In deze zaak heeft de Hoge Raad op 12 december 2025 uitspraak gedaan in een cassatieprocedure die was aangespannen door [X] tegen het College van Burgemeester en Wethouders van de gemeente Alkmaar. De zaak betreft de vergoeding van immateriële schade en de proceskosten in het kader van een belastingkwestie. De Hoge Raad heeft eerder, op 8 augustus 2025, in een tussenarrest geoordeeld dat de bestreden uitspraak van het Gerechtshof Amsterdam niet in stand kan blijven voor zover deze de vergoeding van immateriële schade betreft. De Hoge Raad heeft de zaak vervolgens terugverwezen naar de Rechtbank Noord-Holland, die de vergoeding van immateriële schade heeft bevestigd.

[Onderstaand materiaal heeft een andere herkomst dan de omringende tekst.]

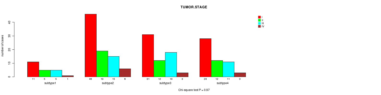 Table S143. Clustering Approach #10: 'MIRSEQ CHIERARCHICAL' versus Clinical Feature #9: 'TUMOR.STAGE'
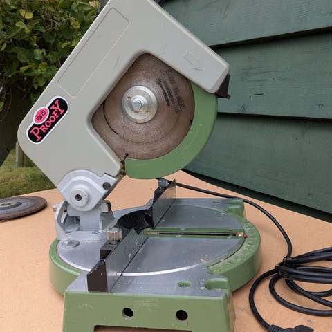 Manuell geringssåg med sågstativ i metall.

In het arrest van 12 december 2025 heeft de Hoge Raad de omvang van de vergoeding van de kosten van de cassatieprocedure behandeld. Belanghebbende werd in de gelegenheid gesteld om nadere gegevens te verstrekken, maar heeft hiervan geen gebruik gemaakt. De Hoge Raad heeft daarom aangenomen dat het geval van belanghebbende niet als bijzonder kan worden aangemerkt, wat invloed heeft op de berekening van de proceskostenvergoeding. De Hoge Raad heeft de vergoeding van de proceskosten vastgesteld op basis van de Wet herwaardering proceskostenvergoedingen WOZ en bpm, met een vermenigvuldigingsfactor van 0,10.
De Hoge Raad heeft het beroep in cassatie gegrond verklaard, de uitspraak van het Hof vernietigd voor zover deze de vergoeding van immateriële schade betreft, en het College van Burgemeester en Wethouders van de gemeente Alkmaar veroordeeld tot het vergoeden van de kosten van belanghebbende voor het geding in cassatie en het incidentele hoger beroep. Dit arrest is openbaar uitgesproken en ondertekend door de vice-president en de raadsheren.